Northam’s mask mandate “was in accordance with what we needed to do to keep our students safe,” she said.

Pekarsky said her message to parents who do not want to mask their children at school is to have patience. She said that Fairfax wants to find an “off-ramp for masks” but that the board is unwilling to jeopardize student and staff safety.

State Sen. Chap Petersen (D-Fairfax City) also called for a mask “off ramp” in a message to constituents Monday, although he said he views Youngkin’s order as unconstitutional and does not support it.

“All I’m saying is — and I don’t see how anyone can disagree with this — we’re not going to have masks forever,” Petersen said in an interview.

 ‘A political divide’

Drastically different emotions and experiences unspooled in Loudoun over the course of the day Monday, reflecting deep divisions both in pandemic-era Virginia and in the nation.
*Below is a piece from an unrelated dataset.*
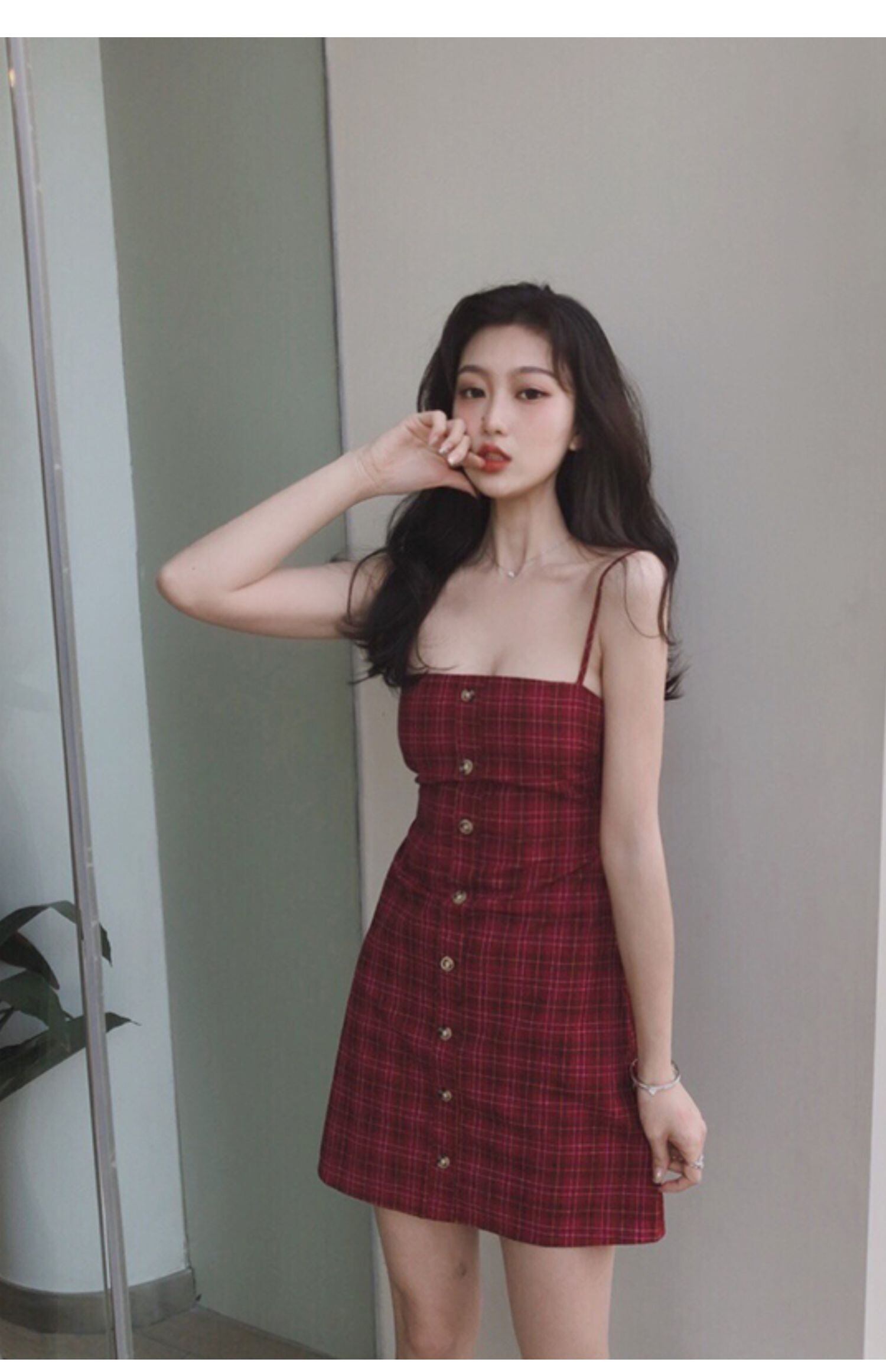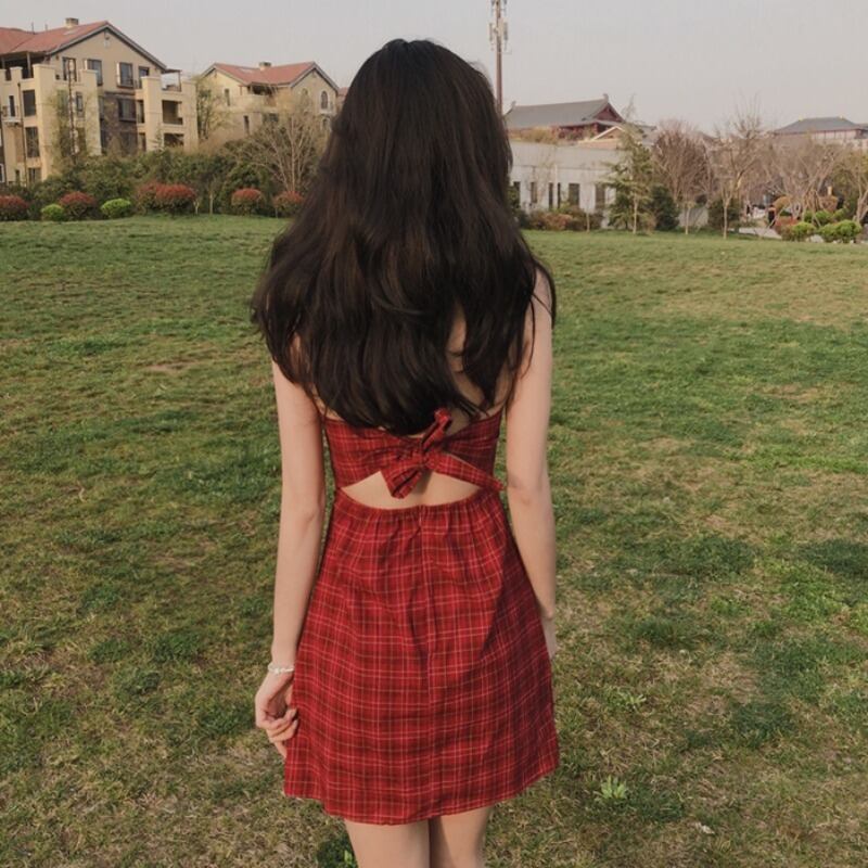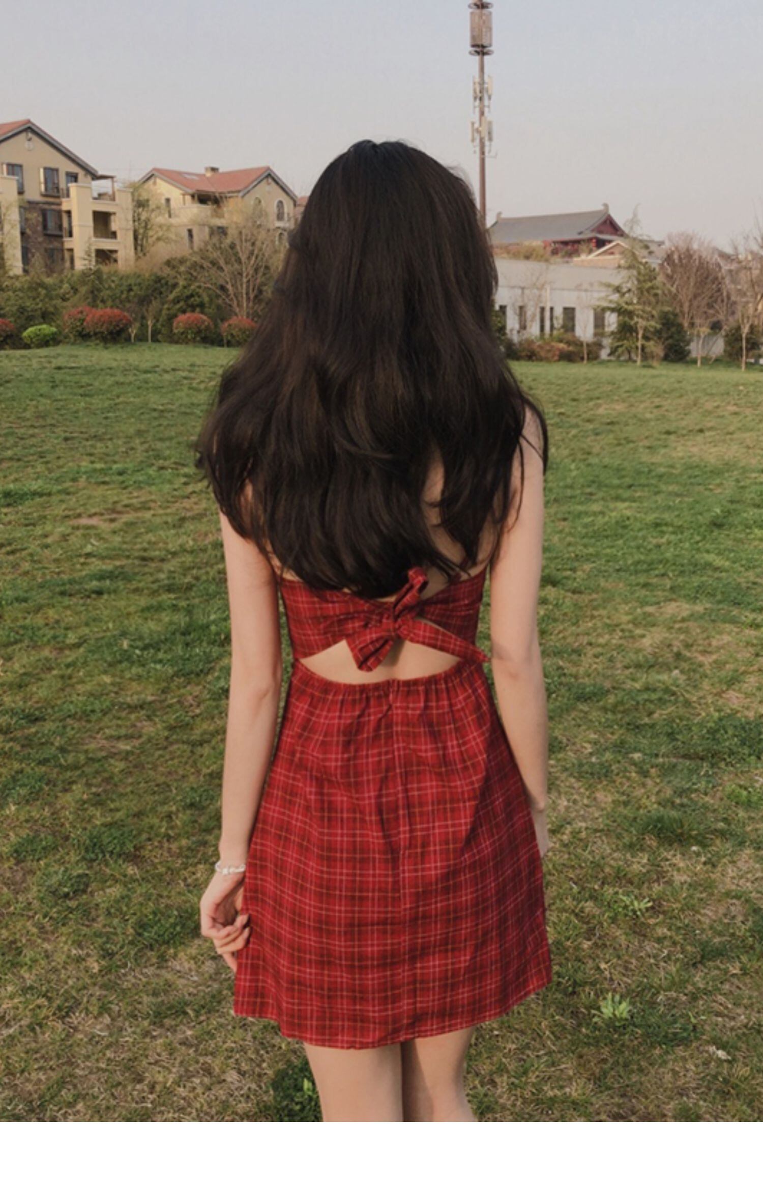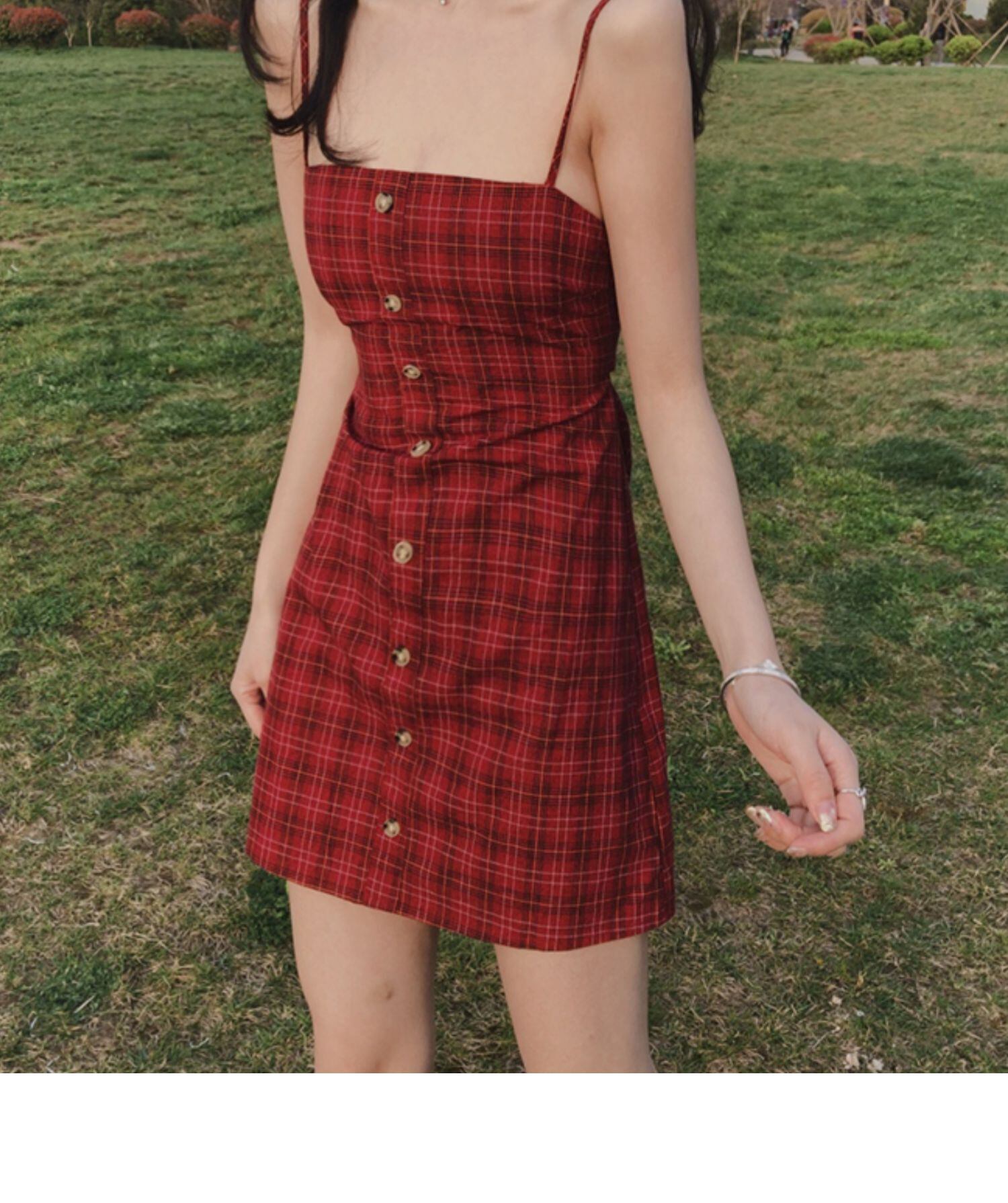 スプリングサマースタンダード格子柄ドレス レースホルタースカート トップス レトロ 春物 夏物 ドラファッションホール60364146968

In one part of the county, 10-year-old Noah Rafalski began the day by asking a friend to walk into Banneker Elementary beside him. Both were maskless and thought walking together would boost their courage.

Once inside, Rafalski, a fifth-grader, was pulled aside by the principal and left mostly alone in a room for about an hour, he said. Adults told him he could go to class if he put on a mask, but he decided to stay put.

“I was trying to hope,” Noah said. “But I just got fed up.”

Eventually his mom, Megan Rafalski, came to pick him up early.

Elsewhere in Loudoun, parent Jeanne Meyer began the day by sending a warning message to her daughter’s school administrators: “My child is authorized for early dismissal … today if she feels there is too large a population of maskless fellow students.”

But as the day stretched on, the 17-year-old never called to request a pickup. And after arriving home, the teen said all the other students stayed masked. Meyer was thrilled.

“I do understand other parts of the county might have had different experiences,” she said. “There is a little bit of a political divide.”

Rachel Weiner and Laura Vozzella contributed to this report.